* Task statement *
Write down exactly the lines from the one below that has "髡残~溪山秋水图,纸本,设色" to the end of the data, both ends included; the pictures should not appear in your copy.

START Records supplied

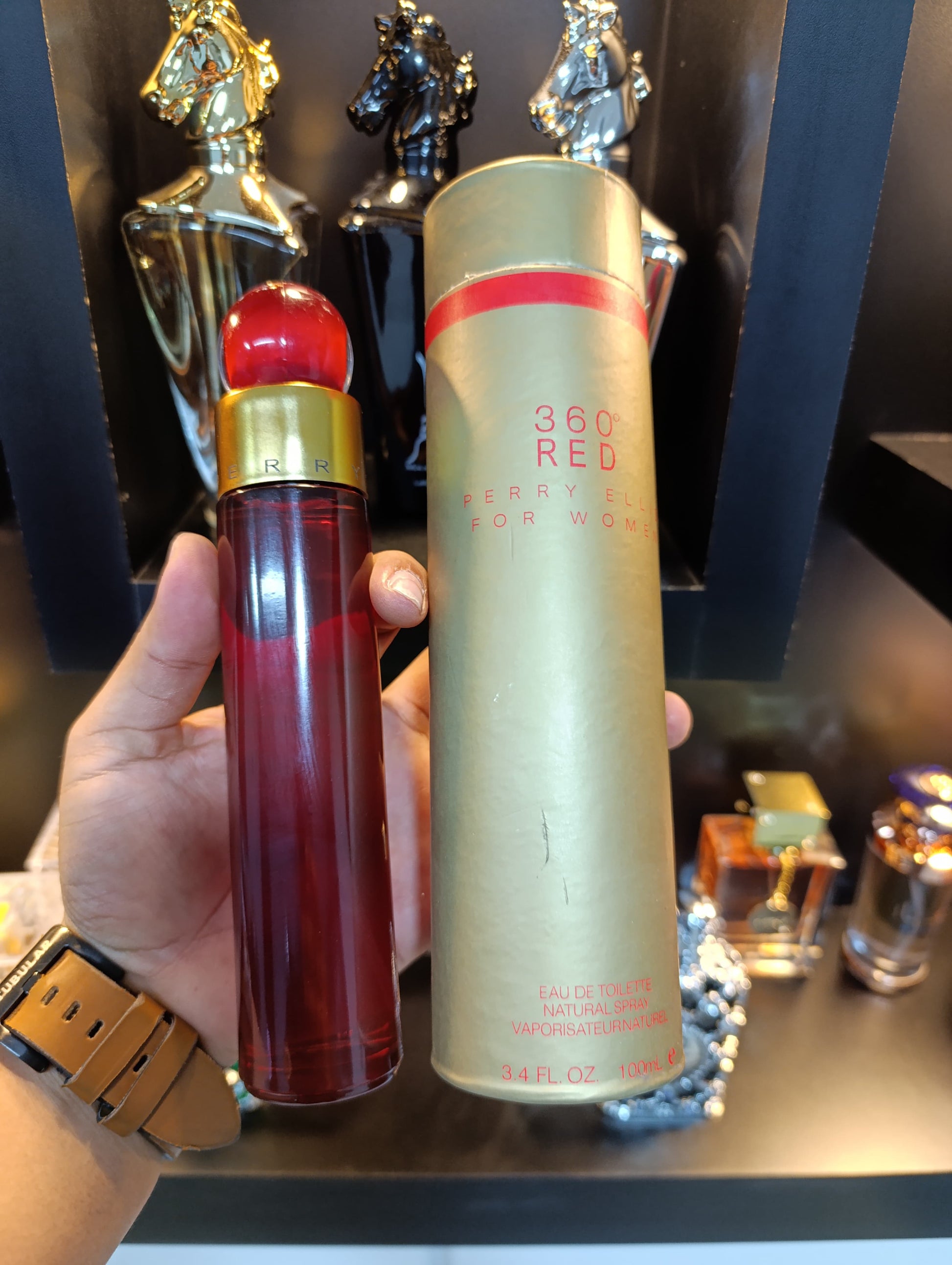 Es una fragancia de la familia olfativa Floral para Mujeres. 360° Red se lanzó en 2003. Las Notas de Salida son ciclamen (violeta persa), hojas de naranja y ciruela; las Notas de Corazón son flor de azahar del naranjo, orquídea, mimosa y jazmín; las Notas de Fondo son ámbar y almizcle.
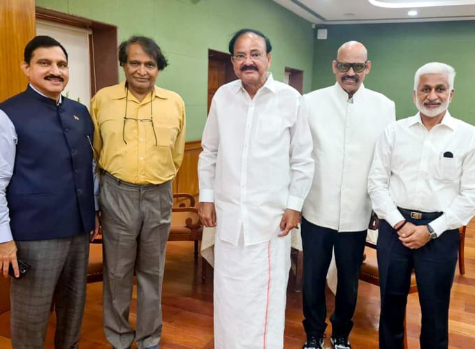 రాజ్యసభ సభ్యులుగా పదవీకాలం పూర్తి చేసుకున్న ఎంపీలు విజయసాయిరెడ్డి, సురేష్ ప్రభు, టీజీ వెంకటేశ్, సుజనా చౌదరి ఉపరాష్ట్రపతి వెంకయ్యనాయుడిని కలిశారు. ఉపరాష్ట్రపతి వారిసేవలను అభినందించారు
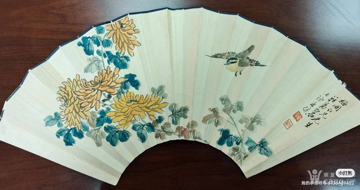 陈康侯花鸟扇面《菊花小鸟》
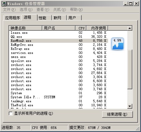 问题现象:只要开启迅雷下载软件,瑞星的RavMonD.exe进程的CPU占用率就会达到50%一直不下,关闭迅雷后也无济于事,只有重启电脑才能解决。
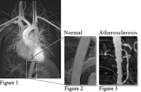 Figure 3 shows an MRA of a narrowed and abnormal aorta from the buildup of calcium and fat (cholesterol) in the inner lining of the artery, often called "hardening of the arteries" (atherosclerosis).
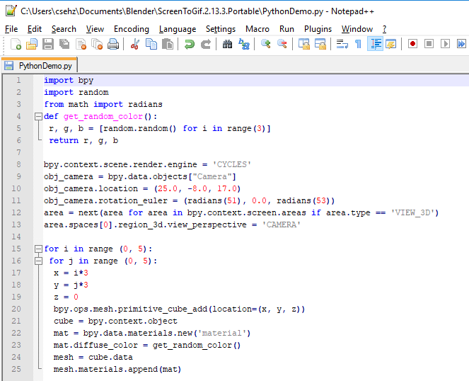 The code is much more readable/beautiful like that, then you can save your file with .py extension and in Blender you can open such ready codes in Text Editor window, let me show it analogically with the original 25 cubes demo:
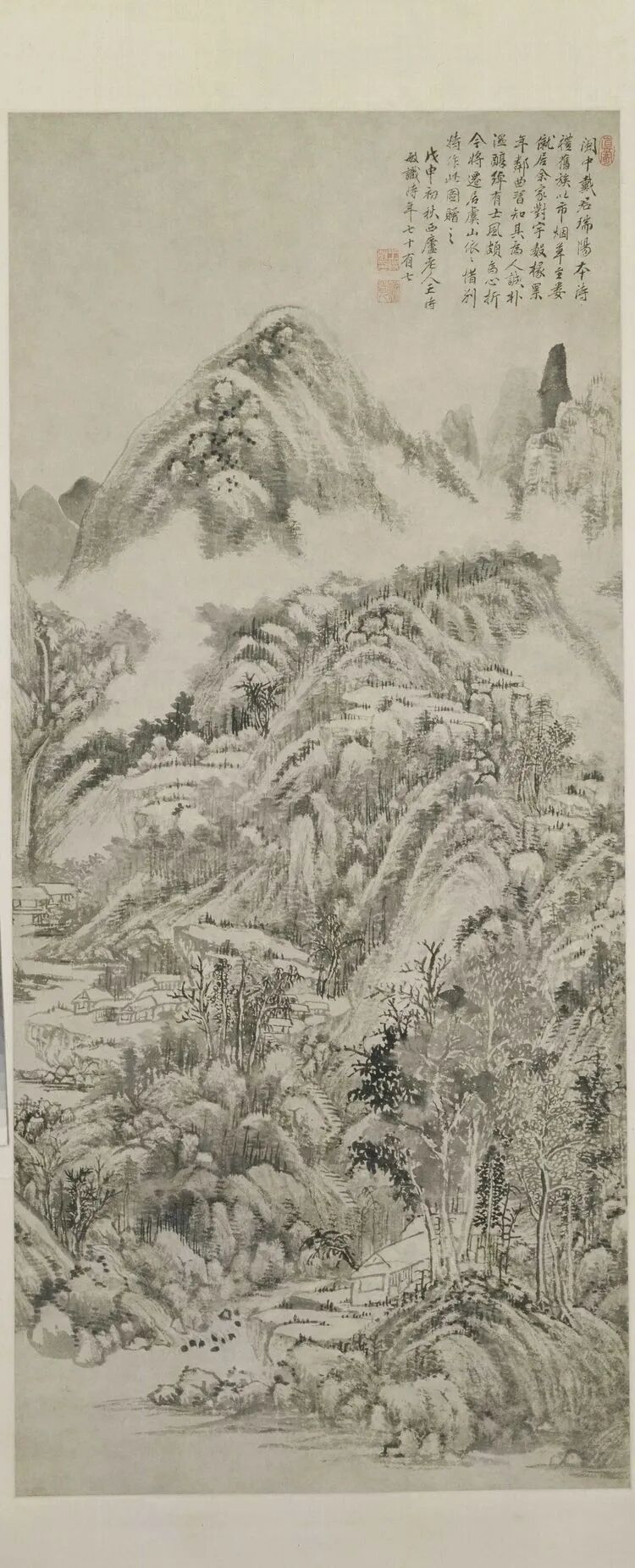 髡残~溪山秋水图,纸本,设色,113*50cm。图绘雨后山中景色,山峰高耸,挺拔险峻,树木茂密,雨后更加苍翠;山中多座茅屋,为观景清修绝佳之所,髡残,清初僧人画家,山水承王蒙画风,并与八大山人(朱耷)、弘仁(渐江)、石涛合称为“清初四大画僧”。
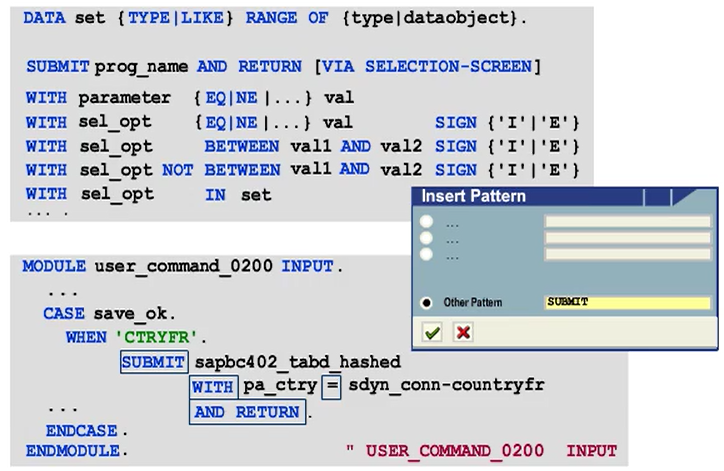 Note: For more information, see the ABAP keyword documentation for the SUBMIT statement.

END Records supplied

* Reply to the task *
 髡残~溪山秋水图,纸本,设色,113*50cm。图绘雨后山中景色,山峰高耸,挺拔险峻,树木茂密,雨后更加苍翠;山中多座茅屋,为观景清修绝佳之所,髡残,清初僧人画家,山水承王蒙画风,并与八大山人(朱耷)、弘仁(渐江)、石涛合称为“清初四大画僧”。
 Note: For more information, see the ABAP keyword documentation for the SUBMIT statement.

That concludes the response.